RFC: Task Continuation Across Gateway Restarts (Checkpoint + Auto-Resume)

## RFC: Task Continuation Across Gateway Restarts (Checkpoint + Auto-Resume)

### Summary

OpenClaw currently lacks a standardized, first-class mechanism to continue **in-progress tasks** across **gateway restarts**. When a restart occurs, whether explicit or required due to config changes, runs are interrupted and may require manual recovery or external orchestration.

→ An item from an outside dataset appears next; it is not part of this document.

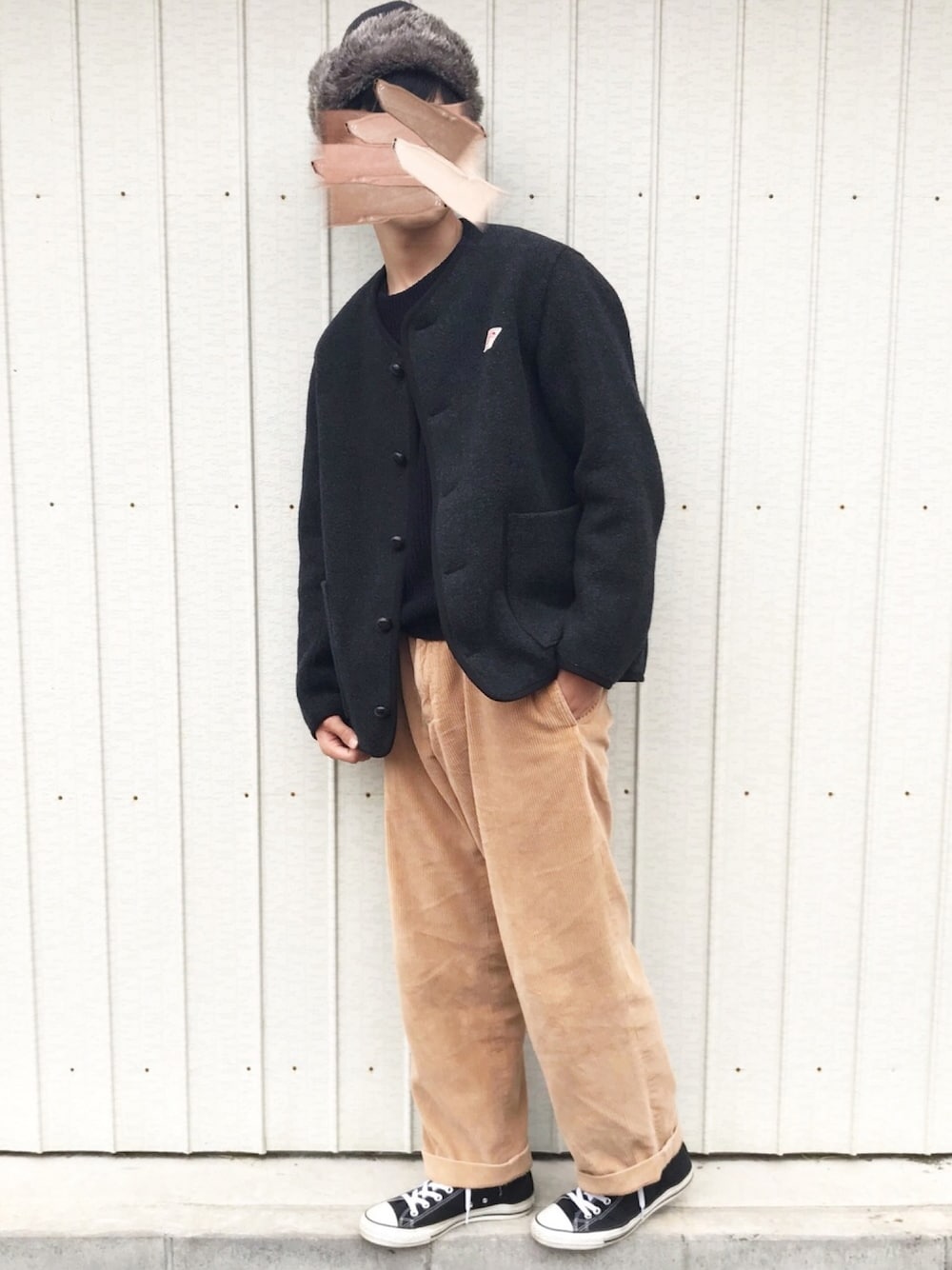Instagram→@shino___ry 2017年最後のコーデです🏃 古着屋で欲しかったワイドめのコーデュロイパンツ見つけれて良かったです🙆♂️

This RFC proposes a pragmatic **v1 checkpoint + auto-resume mechanism**:

* **No full in-memory state rehydration**
* **No external scripts required**
* Continuation implemented as a **new follow-up run seeded from a persisted checkpoint**
* Task continues automatically **without requiring a new user prompt**

### Goals

* Persist sufficient state before restart to continue the **same task**
* Transition run state to **`paused_for_restart`**
* On startup, automatically resume **exactly once** (idempotent / at-most-once)
* Resume via a new run with:

 * same **user goal**
 * same **plan progress** (last completed + next step)
 * relevant intermediate context/artifacts
* No manual intervention required
* Explicit failure states, with no silent “running without progress”

### Non-Goals (v1)

* Full RAM snapshot or exact process rehydration
* Perfect reproduction of all tool/subagent internal state
* Mandatory full chat transcript restoration
* External orchestration as a requirement

### Current Limitation / Motivation

* Runs are interrupted by restart.
* There is no built-in continuation mechanism.
* External workarounds are required today.
* Runs may remain “running” without progress after restart, or require manual re-prompting to reconstruct context.

### Proposed Approach

#### Checkpoint Lifecycle

A run that requires a restart should follow a standardized lifecycle:

`running → paused_for_restart → resuming → resumed`

If needed, `resuming` can be optional internally, but the persisted state model should support it.

#### Trigger Conditions

Checkpointing should occur for:

* Explicit restart, for example `openclaw gateway restart`
* Restart required due to config reload, for example “config change requires restart”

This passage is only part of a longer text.